The door had already closed behind him when her scream tore through the silence, raw and guttural, scraping the walls of the stone chamber.
"HENRY!"
It was not a name, but a shriek of pure, animal fury. She strained against the silken ropes, her body arching off the bed in a futile rebellion.
"You cannot leave me like this! I will not wear this… this skin you've sewn for me!" Her voice broke, ragged with revulsion. "Take this gown—this bleeding, suffocating shroud! And this necklace… this collar of frozen blood! I don't want your gilded cage! I don't want any part of this vile pageant!"
Her cries echoed, desperate and wild, but they met only the implacable silence of the locked door. She was screaming into a void, trussed and adorned like a sacrificial offering, her defiance itself becoming just another part of the exquisite torment he had orchestrated.
---
Henry stood at the mouth of the shadowed corridor, the royal tailor trembling slightly before him. From behind the heavy door at his back, Gisela's screams carved through the stone—a raw, tearing sound of his name, over and over, blending with sobs and the faint, thrashing creak of bed.
The tailor flinched with each wail. Henry did not.
He exhaled, a slow, measured breath that seemed to siphon what little warmth remained in the passageway.
"You will make another gown," he stated, his voice flat and clear, an island of calm in the sea of her anguish. "Red."
The tailor bowed, his forehead nearly touching his knees, a gesture of submission to the man who could give such an order while his queen unraveled just footsteps away.
Henry began to walk away, his boots silent on the runner. He paused after three steps, half-turning his head, his profile sharp in the torchlight.
"Have it ready for six. In the morning. Precisely."
He did not wait for a response. He continued down the corridor, the sound of her torment fading with each step, not because it grew quieter, but because he willed it into the background—just another part of the palace's nightly music. The new dress was not a replacement; it was a contingency. A lesson, it seemed, required more than one costume.
***
The night pooled like ink in the high windows of the dining hall. Henry sat at the head of the obsidian table, a single figure of stillness amidst the grotesque plenty. Suckling pigs, glazed fowl, and mountains of winter fruit glistened under the candlelight, untouched. He selected a single dark grape, its skin taut and perfect, and slid it slowly into his mouth, his gaze fixed on nothing.

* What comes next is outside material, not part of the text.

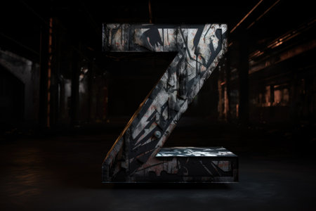 A striking black letter Z rests on a textured dark surface, showcasing its glossy finish and intricate details. The image captures the elegance of the letter, highlighting its unique shape and the subtle imperfections that add character to the design.
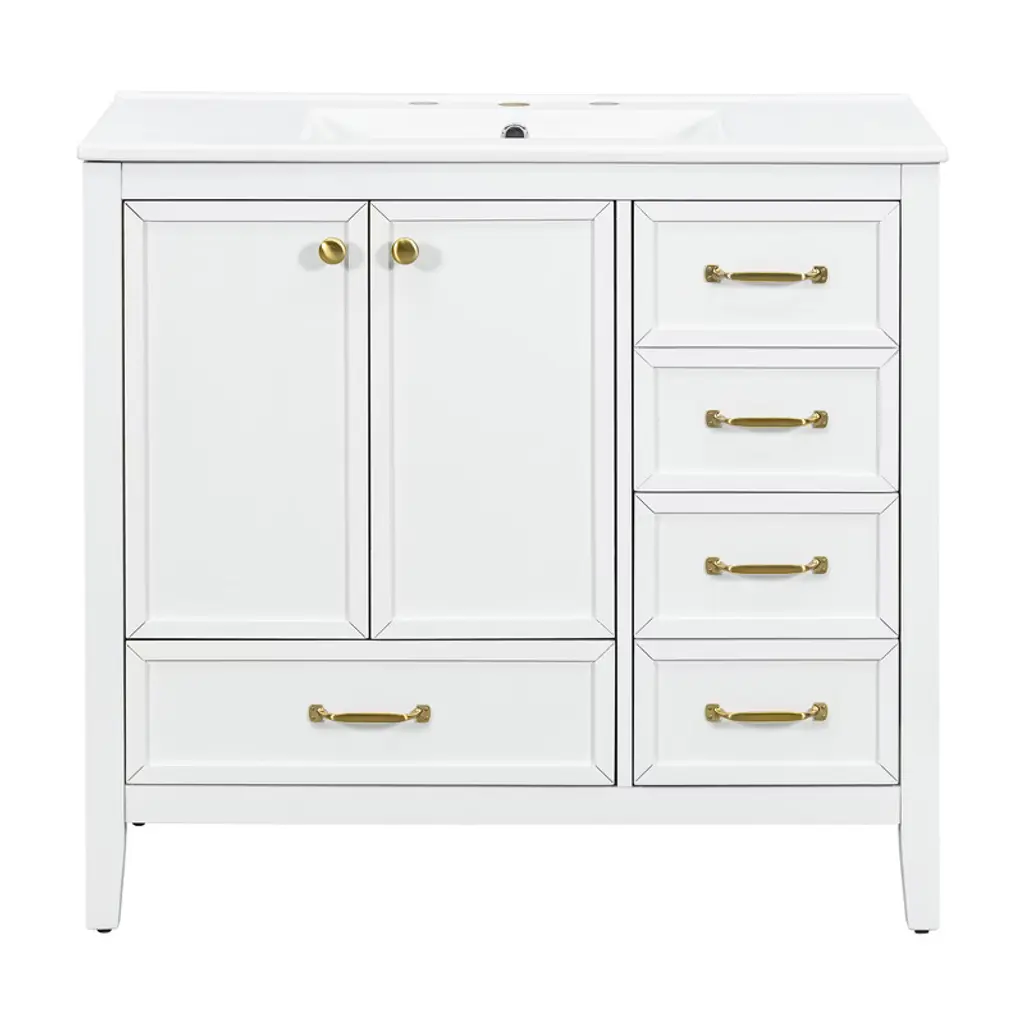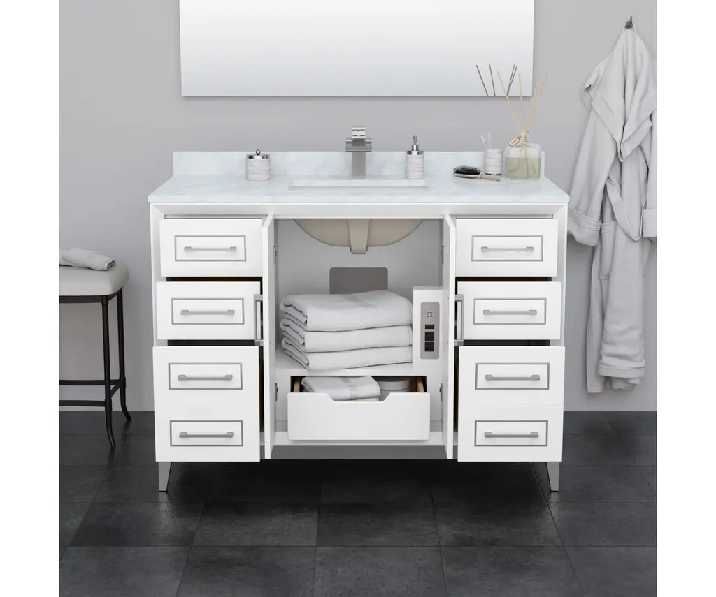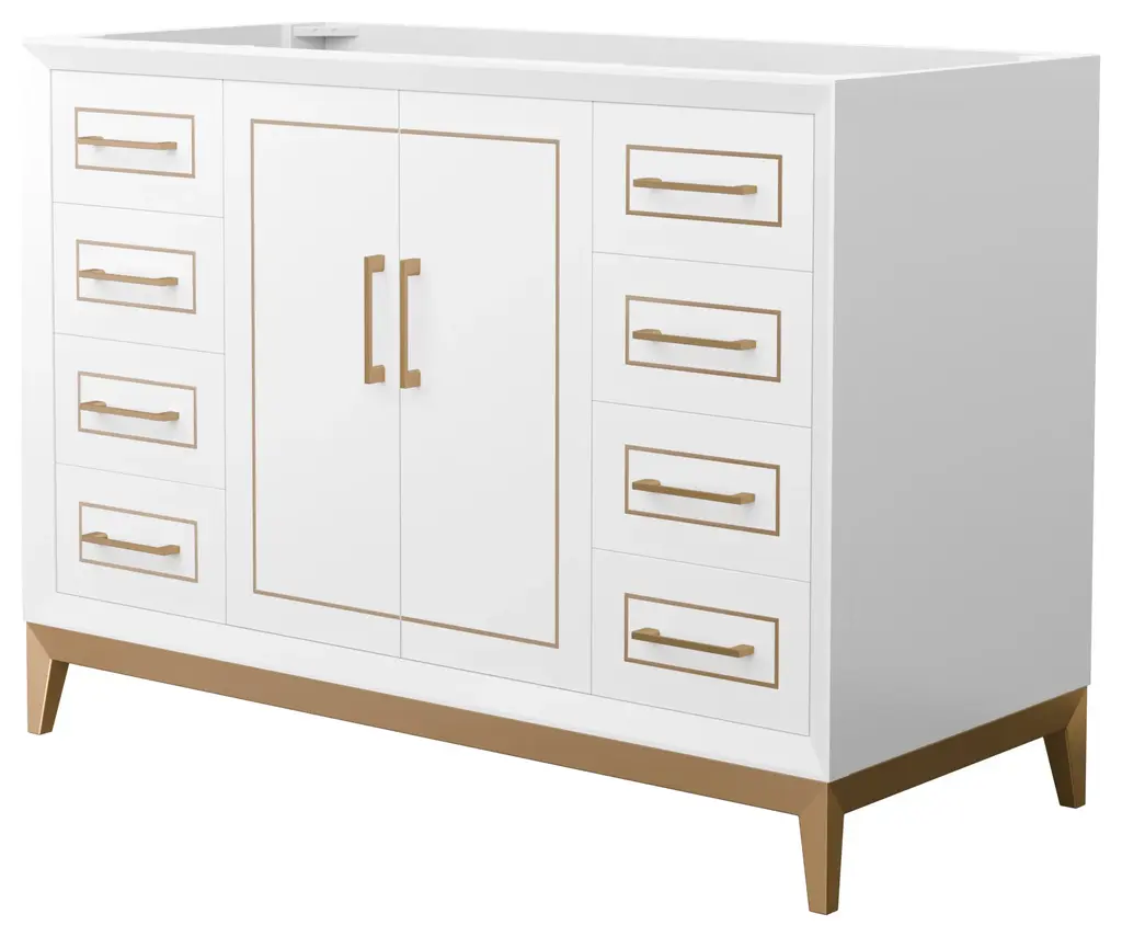 Classic luxurious elegance with clean and contemporary styling are the hallmarks of the beautiful Marlena vanity by Wyndham Collection, perfect for most home decors. Offered in a range of sizes, cabinet colors and metal trim options, you're sure to find the ideal fit for your home. There's plenty of storage space, soft-close doors and drawers, and the convenience of a 110V outlet and USB charger just inside the door. The vanity cabinet also features a cutout back for easy access to plumbing and electrical as well as interior drawers for additional organized storage. Manufacturing Model #: WCH515148SWZCXSXXMXXPRODUCT FEATURES:Constructed of environmentally friendly zero emissions plywood and veneer, engineered for durability and to prevent warping. Unique and striking contemporary floor standing designFully-extending undermount 3D adjustable soft-close drawer slides. Minimal assembly required. Deep Dovetailed drawersFully-extending undermount soft-close drawer slides. Concealed soft-close door hinges. Faucet(s) not includedMetal exterior hardware with satin bronze finish. Two (2) functional doors. Seven (7) functional drawersBack cutout saves install time and allows easy access to plumbing and electrical hookups. Integrated electrical outlet also comes with two USB ports. Plenty of storage and counter space. 2-Year Limited Warranty

"Henry—" Queen Caroline's voice was a needle, trying to pierce his silence from the far end of the long, polished expanse.
"Mother," he interrupted, his voice a low, emotionless drone that carried perfectly in the cavernous room. "Let us dine in silence. The noise of the day was sufficient."
She gave a soft, derisive exhale, looking away toward the shadows. "You grow more like your father with every passing hour."
"I am told I have his constitution," Henry replied, his eyes now on the ruby depths of his wine.
"I spoke of his heart," she muttered, the words sharp and low. "Or rather, the stone he kept in its place." She sliced into the breast of a roasted fowl, the sound of the knife on the porcelain plate unnaturally loud. "At least you seem to have finally positioned your own wife correctly. I thought her screaming would never cease. A fruitless creature. All that sound, and nothing to show for it but echoes."
Henry did not grace the remark with a response. He took another grape. "Her father has sent an invitation. The aging king is to remarry. To Princess Louise of France."
Caroline's knife stilled. A slow, cold smile touched her lips. "Has he? How… predictable. She will follow the path of the others, I imagine. Discarded. Or removed." She resumed cutting, her movements precise and vicious. "Like your queen's own mother. Though, I'd wager this new one's end will be quieter. A draft that chills. A cup that tastes just slightly… wrong." She brought the slice of meat to her mouth, her eyes gleaming with a frigid, knowing light over the rim of her glass. "Poison is so much tidier than an axe, don't you find? It leaves the dress unstained."